Gewonnen wird im Kopf, verloren auch

GEWONNEN VERLOREN Antje Heimsoeth

Autor

Antje Heimsoeth

Datum

10. Jun 2012

Kategorien

FC Bayern in der Champions League
Gewonnen wird im Kopf, verloren auch.

Das letzte Drama um den FC Bayern bei der Champions League ist noch nicht allzu lange her, um aus dem kollektiven Fußballgedächtnis getilgt zu sein. Das Spiel hat aus meiner Sicht als Sport-Mentalcoach und ehemaliger Leistungssportlerin wieder gezeigt, dass nicht die sportlich stärkere Mannschaft gewonnen hat, sondern diejenige, welche auf dem Feld die größere mentale Stärke bewahren konnte. Ich bin keine Fußballtrainerin, habe selbst nie Fußball gespielt. Aber aus meiner Sicht waren die Bayern-Spieler sichtlich beeinflusst von der Diskrepanz zwischen den hohen Erwartungen einerseits und der viel beschworenen „Bayern-Herrlichkeit“ andererseits. Dass ein junger, erfolgreicher Spieler am Ende sogar so niedergeschlagen war, dass er die ausgestreckte Hand des Bundespräsidenten übersah, zeigt mir, wie stark sich der Druck von außen nach innen verlagern kann. Nach innen heißt: Im Kopf spielt sich alles ab und in so einem Fall einmal mehr die Niederlage als bereits erzielte Erfolge. Bevor ein Sportler einen Pokal in den Händen hält, hat er zuvor schon im Kopf gewonnen –  kann die ganze Nation dagegen vorm Fernseher mit erleben, wie gestandene Fußballer der Reihe nach beim Elfmeterschießen kneifen aus Angst vor Versagen.

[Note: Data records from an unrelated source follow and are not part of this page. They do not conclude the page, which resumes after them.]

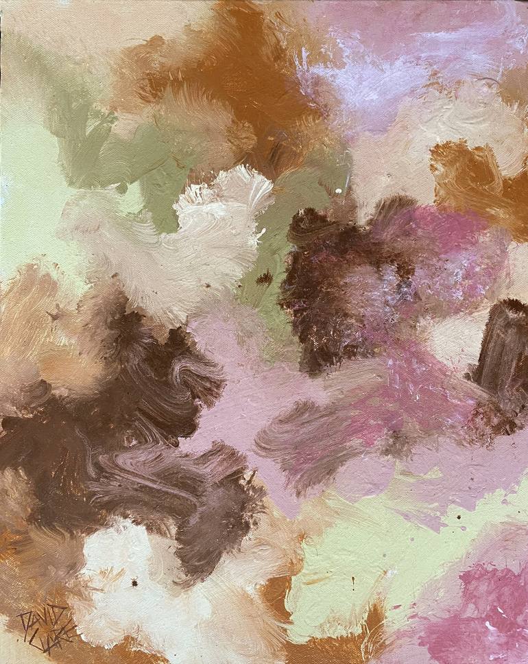 An abstract painting in pinks and creams created by playing with paint, colour and texture.
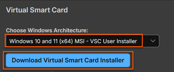 - Virtual Smart Card: Starts the download process of the Virtual Smart Card MSI file.
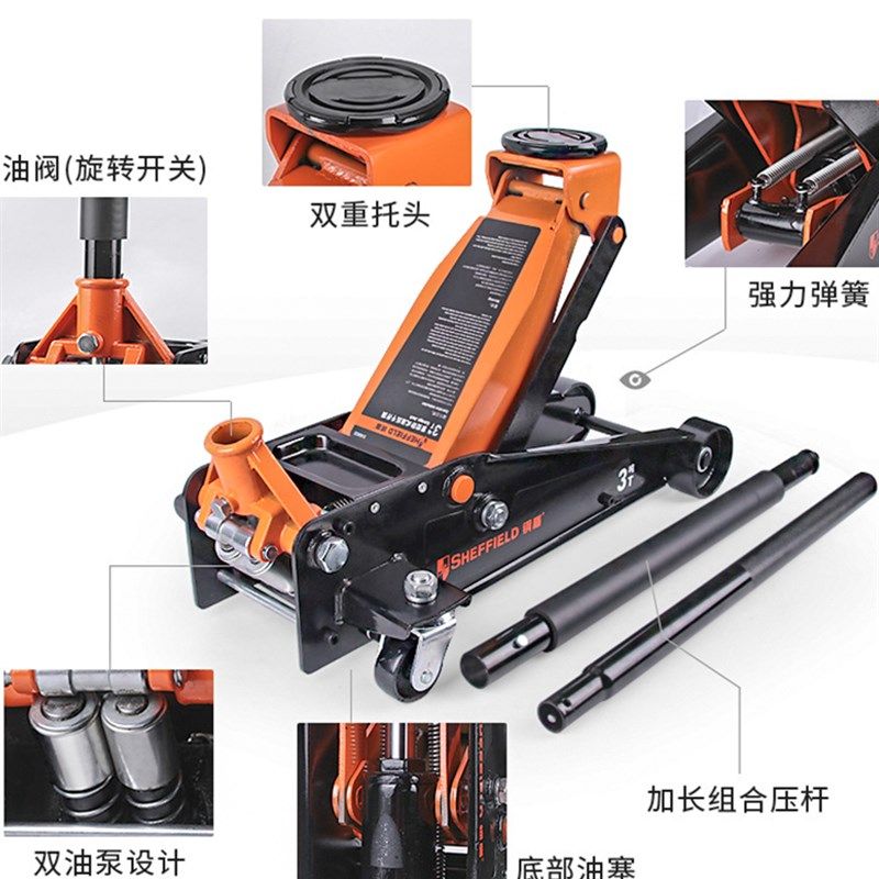 钢盾卧式千斤顶低位液压千金顶2.5T3T3.5T吨轿车换胎工具

Als Mentaltrainerin frage ich mich, wer Sportlern wie Schweinsteiger & Co. zur Seite steht, wenn doch die Presse jeden verpassten Schuss noch in Echtzeit kommentiert, über den körperlichen und seelischen Zustand der Spieler öffentlich spekuliert, schon im Vorfeld Niederlagen prophezeit oder noch ausstehende Siege schon mal einfordert? Wird nach einem Spiel nur technisch analysiert, guckt man auch tiefer und überlegt, welche Blockade im Kopf einzelne Spieler am Erfolg gehindert hat? Wie baut der Club seine Spieler bis zur EM wieder auf? Gewonnen wird schließlich im Kopf, aber verloren auch.

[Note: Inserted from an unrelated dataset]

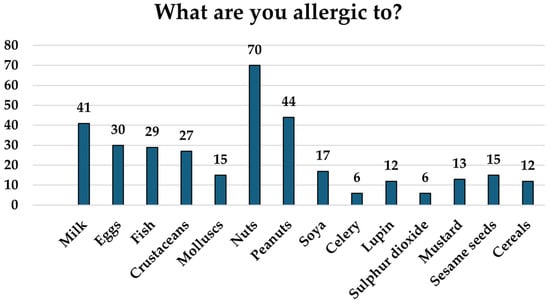 The second block consisted of 6 questions to characterize the sample socio-demographically (age, gender, place of residence, age of allergy diagnosis) and main allergies, as well as three dichotomous questions (yes/no) related to dietary and nutritional aspects (whether the sample has a healthy and balanced diet, nutritional deficiencies, or whether it is easy to replace foods that cannot be consumed).

Welche gemeinsamen Ziele verfolgen „unsere“ Bayern? Ich finde es bedenklich, dass nun schon in allen Zeitungen steht, Bayern-Trainer Jupp Heynckes würde nächstes Jahr in Rente geschickt – besser (und motivierender für alle) wäre es, positive Nachrichten aus der Bayern-Elf zu verbreiten, etwa, dass die Spieler jetzt auch kopftechnisch fit gemacht werden. Zumindest ist gut, dass Bundestrainer Joachim Löw für die EM öffentlich auf die Bayern-Spieler schwört – zeitgleich sagt er dieser Tage in einem Interview mit der dm-Kundenzeitschrift alverde, er äußere sich nicht öffentlich über „Minimal- oder Maximalziele“. Das ist gut so, so lange die Fußballer intern an gemeinsamen Zielen arbeiten – es muss ja nicht gleich morgen in der Zeitung stehen. Das Visualisieren eines Ziels über unsere fünf Sinne (Sehen, Hören, Fühlen, Riechen, Schmecken), mit allen Emotionen, die dazu gehören, mobilisiert ungeahnte Kräfte; ich habe es selbst oft genug erlebt. Man fängt wieder an, an sich zu glauben. Selbst wenn man bis dahin nicht einmal mehr eine zum Dank ausgestreckte Hand vor Augen gesehen hat.